Note: I think the same approach could also be used by the hash aggregate, rather than the partial / full approach taken now, but this might be only be better when we have a high number of distinct group by by values (in extreme cases - groups with one row), e.g. the "full" hash aggregate takes up a lot of the time/memory.

@alamb

I think your earlier comment w.r.t. "CoalesceBatches" is especially applicable here - I am seeing quite some overhead in CoalesceBatches/Concat after `RepartitionExec` with hash repartitioning, as this will make each produced batch roughly `num_partitions` times smaller (in contrast to roundrobinbatch repartitioning - which keeps the same batches which makes it almost free on a single node). The overhead is so big that lowering the concurrency setting to 8 instead of 16 on my 8-core / 16-hyperthreads laptop yields better performance.

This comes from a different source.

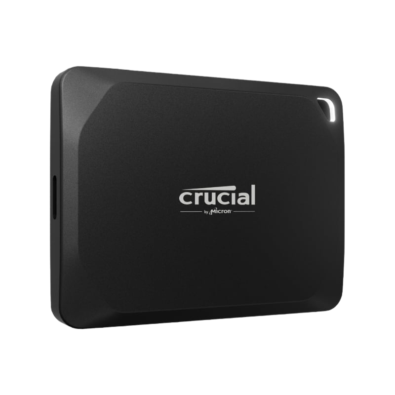Your X10 Pro Portable SSD is tough enough to travel anywhere you shoot, work, or roam, with IP55 water and dust resistance and drop-proof durability up to 7.5 feet/2 metres. The Crucial X10 Pro Portable SSD, designed by Micron, is anodized aluminium with a rubberized soft-touch base in a mini 65 x 50 mm design with a drive activity light in the integrated lanyard hole.

Increasing the batch size (to 32000-64000) also recovers the performance / avoids the overhead penalty mostly - but I recently reduced this as for most queries ~8000 was the sweet spot.
Rewriting to buffer them inside the `RepartitionExec` and only produce them when they exceed the batch size probably would solve this issue and improve the performance of the parallel hash join quite a bit - or maybe by optimizing the `concat` kernel.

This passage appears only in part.